• **Your assignment**
Transcribe word for word the section of the records below that opens with the line containing "Локации для фото: терраса" and closes with the line containing "山东省工信厅公示了第八批山东"; drop every picture.

• **Record excerpts**
---

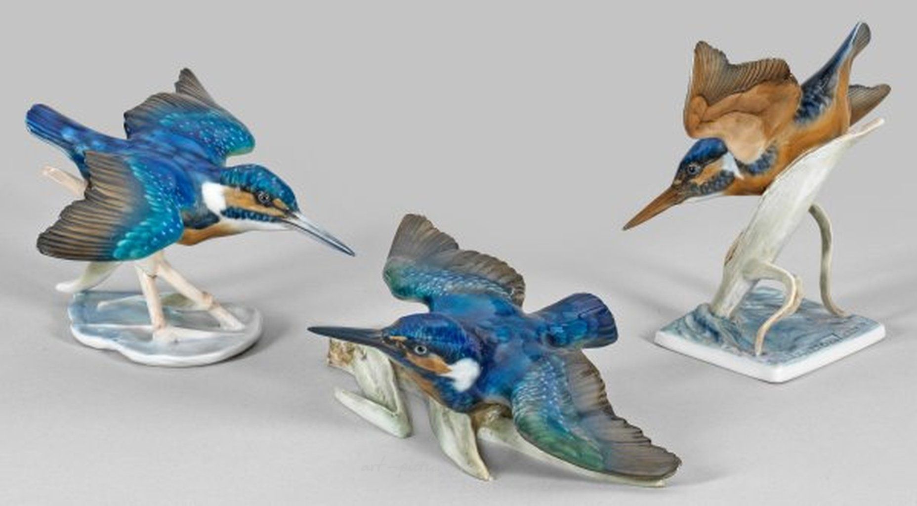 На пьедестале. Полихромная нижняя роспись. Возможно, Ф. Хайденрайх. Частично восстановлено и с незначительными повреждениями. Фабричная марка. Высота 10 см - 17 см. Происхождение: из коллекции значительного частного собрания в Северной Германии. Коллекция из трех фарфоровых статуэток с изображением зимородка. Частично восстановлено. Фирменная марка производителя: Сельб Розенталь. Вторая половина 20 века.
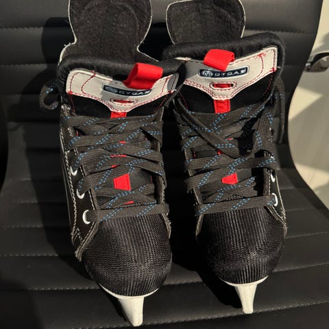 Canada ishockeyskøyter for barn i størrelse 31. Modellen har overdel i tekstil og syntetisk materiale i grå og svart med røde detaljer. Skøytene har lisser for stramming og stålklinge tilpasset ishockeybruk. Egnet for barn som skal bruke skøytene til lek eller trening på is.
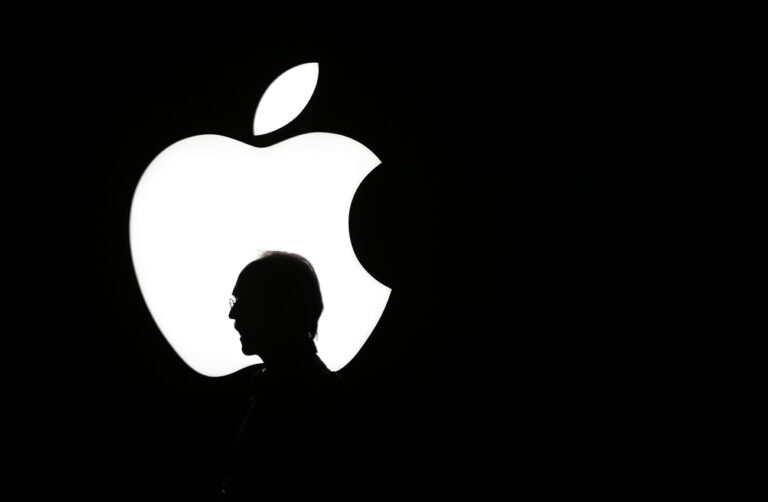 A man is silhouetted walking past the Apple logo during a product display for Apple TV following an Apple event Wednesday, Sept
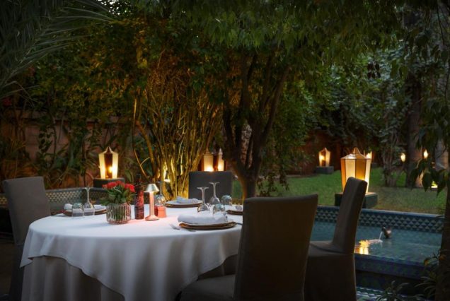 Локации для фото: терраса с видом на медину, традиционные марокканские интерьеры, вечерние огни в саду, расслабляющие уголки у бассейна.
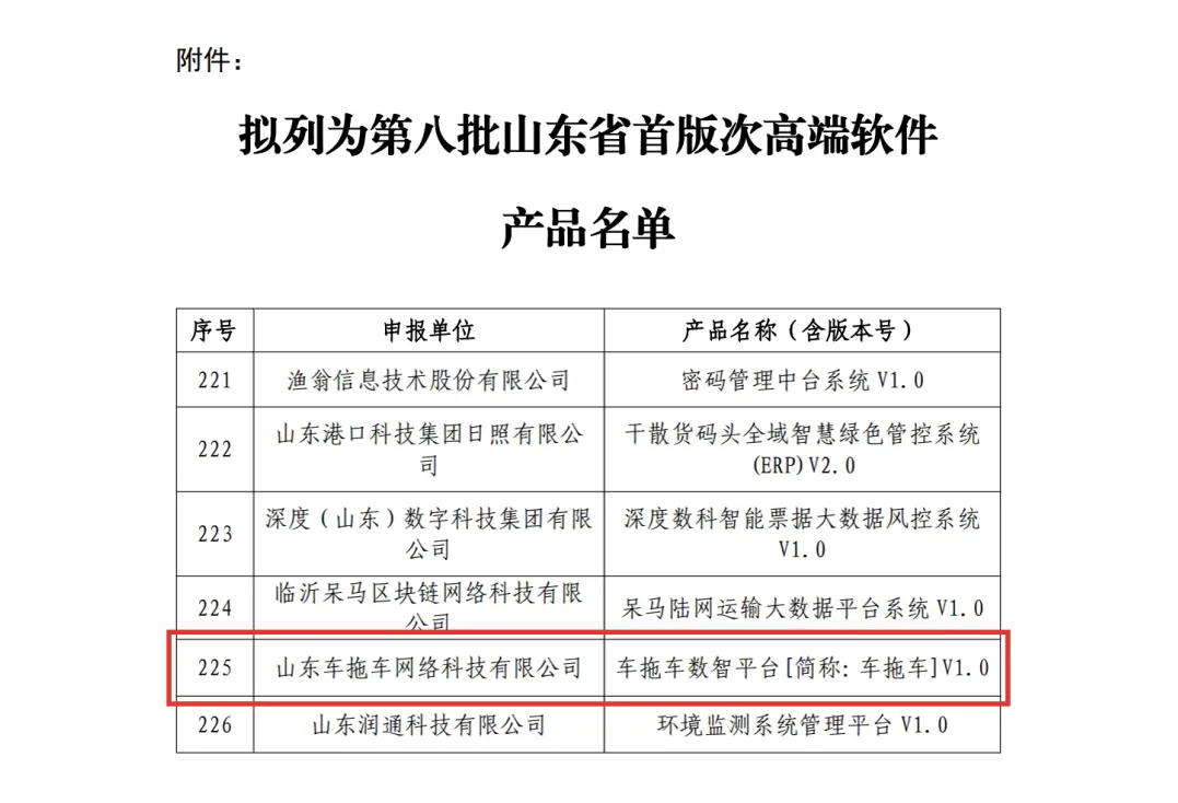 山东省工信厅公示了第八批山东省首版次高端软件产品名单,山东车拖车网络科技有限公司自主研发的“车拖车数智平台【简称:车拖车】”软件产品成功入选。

---

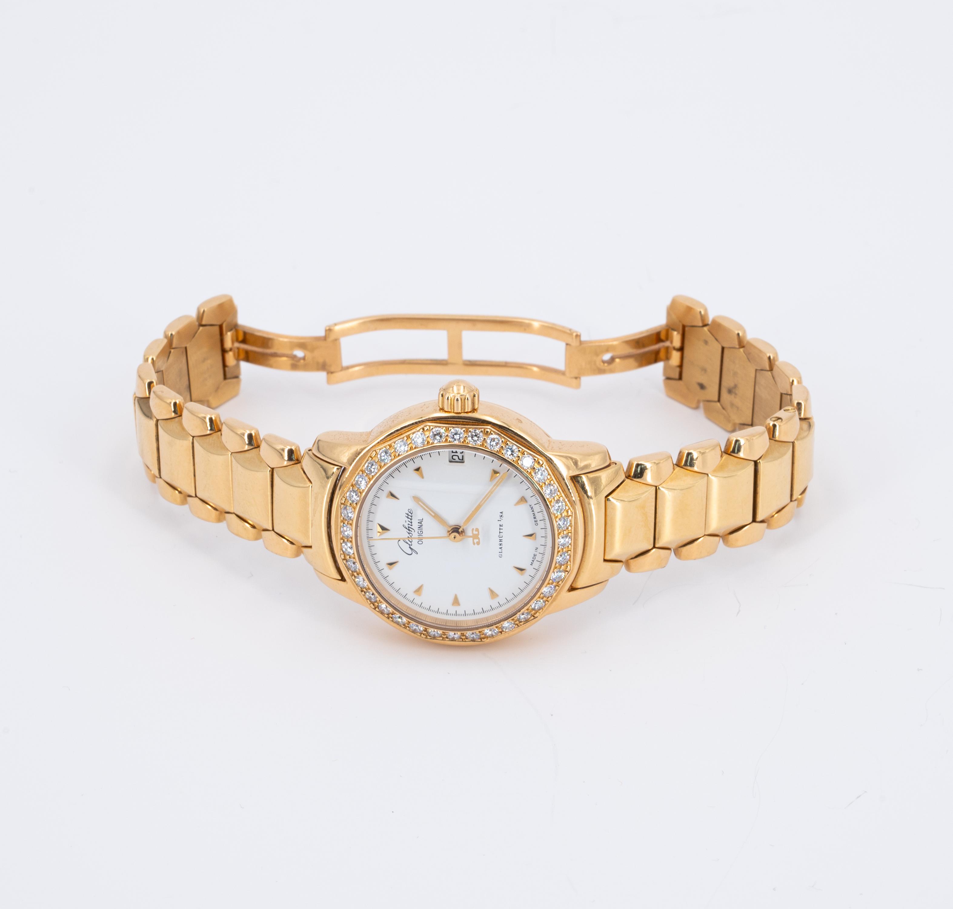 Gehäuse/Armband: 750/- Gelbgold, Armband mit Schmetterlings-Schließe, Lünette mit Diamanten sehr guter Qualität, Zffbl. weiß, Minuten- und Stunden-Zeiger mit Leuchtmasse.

---

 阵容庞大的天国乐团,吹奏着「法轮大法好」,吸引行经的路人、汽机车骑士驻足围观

---

• **The answer**
 Локации для фото: терраса с видом на медину, традиционные марокканские интерьеры, вечерние огни в саду, расслабляющие уголки у бассейна.
 山东省工信厅公示了第八批山东省首版次高端软件产品名单,山东车拖车网络科技有限公司自主研发的“车拖车数智平台【简称:车拖车】”软件产品成功入选。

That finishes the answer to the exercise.